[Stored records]

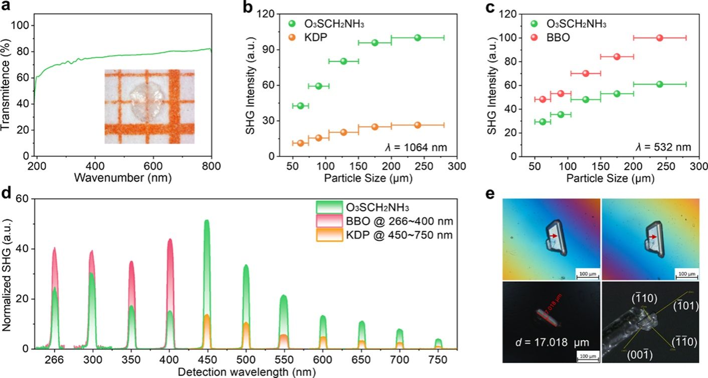 O3SCH2NH3晶体在深紫外非线性光学性能方面实现了重要突破,展现出卓越的综合光学性能,多项指标达到领先水平:实验测得吸收边<170 nm (对应带隙 > 6.53 eV),理论计算带隙7.80 eV,透光范围覆盖整个深紫外区域,满足实际应用需求;同时具有强的粉末倍频效应(0.7 × BBO @ 532 nm和3.8 × KDP @ 1064 nm)、充足的双折射(
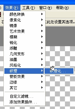 菜单栏中“效果”——子菜单中“纹理”——“纹理化”在出现的纹理对话框中我们选择“云.bmp”(如果您的软件中没有这个纹理文件,可以在本站下载)。
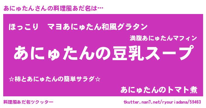 | 女子向けラノベタイトル風あだ名 | 『あにゅたんは平凡を望む』 |
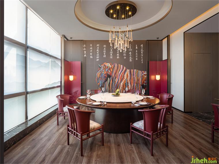 The Chinese value harmony between man and nature. Wine is endowed with beauty. This is the unity of man and nature and the unity of nature and self. The design of Wine Hall perfectly interprets the poem that life must be happy, and don't make the golden cup empty to month. On the wall painting, the designer hand-painted the image of the horse with modern oil painting techniques, and supplemented by the furniture of leather material, echoing the grand scene of Libai’s poem -Invitation toWine. People, feelings and scenery blend into one, achieving the far-reaching unity of nature and man.
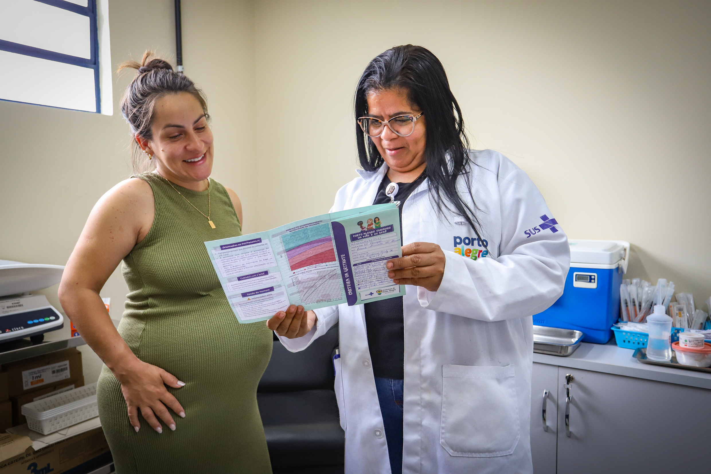 Porto Alegre, RS, 10/12/2025 Gestantes a partir da 28ª semana de gravidez já podem se vacinar contra a bronquiolite em todas unidades de saúde. O vírus sincicial respiratório (VSR) é um dos principais associados à doença e um dos maiores causadores de infecções respiratórias em recém-nascidos e crianças pequenas, sobretudo bebês. A vacina é indicada para grávidas de todas as idades, em dose única, a partir da 28ª semana, sem limite de idade gestacional. Foto: Cristine Rochol/PMPA

- [DESCRIPTION OF THE TASK]: Word for word, reproduce all of the entries above and omit the pictures.

- [SOLUTION TO THE EXERCISE]:
 O3SCH2NH3晶体在深紫外非线性光学性能方面实现了重要突破,展现出卓越的综合光学性能,多项指标达到领先水平:实验测得吸收边<170 nm (对应带隙 > 6.53 eV),理论计算带隙7.80 eV,透光范围覆盖整个深紫外区域,满足实际应用需求;同时具有强的粉末倍频效应(0.7 × BBO @ 532 nm和3.8 × KDP @ 1064 nm)、充足的双折射(
 菜单栏中“效果”——子菜单中“纹理”——“纹理化”在出现的纹理对话框中我们选择“云.bmp”(如果您的软件中没有这个纹理文件,可以在本站下载)。
 | 女子向けラノベタイトル風あだ名 | 『あにゅたんは平凡を望む』 |
 The Chinese value harmony between man and nature. Wine is endowed with beauty. This is the unity of man and nature and the unity of nature and self. The design of Wine Hall perfectly interprets the poem that life must be happy, and don't make the golden cup empty to month. On the wall painting, the designer hand-painted the image of the horse with modern oil painting techniques, and supplemented by the furniture of leather material, echoing the grand scene of Libai’s poem -Invitation toWine. People, feelings and scenery blend into one, achieving the far-reaching unity of nature and man.
 Porto Alegre, RS, 10/12/2025 Gestantes a partir da 28ª semana de gravidez já podem se vacinar contra a bronquiolite em todas unidades de saúde. O vírus sincicial respiratório (VSR) é um dos principais associados à doença e um dos maiores causadores de infecções respiratórias em recém-nascidos e crianças pequenas, sobretudo bebês. A vacina é indicada para grávidas de todas as idades, em dose única, a partir da 28ª semana, sem limite de idade gestacional. Foto: Cristine Rochol/PMPA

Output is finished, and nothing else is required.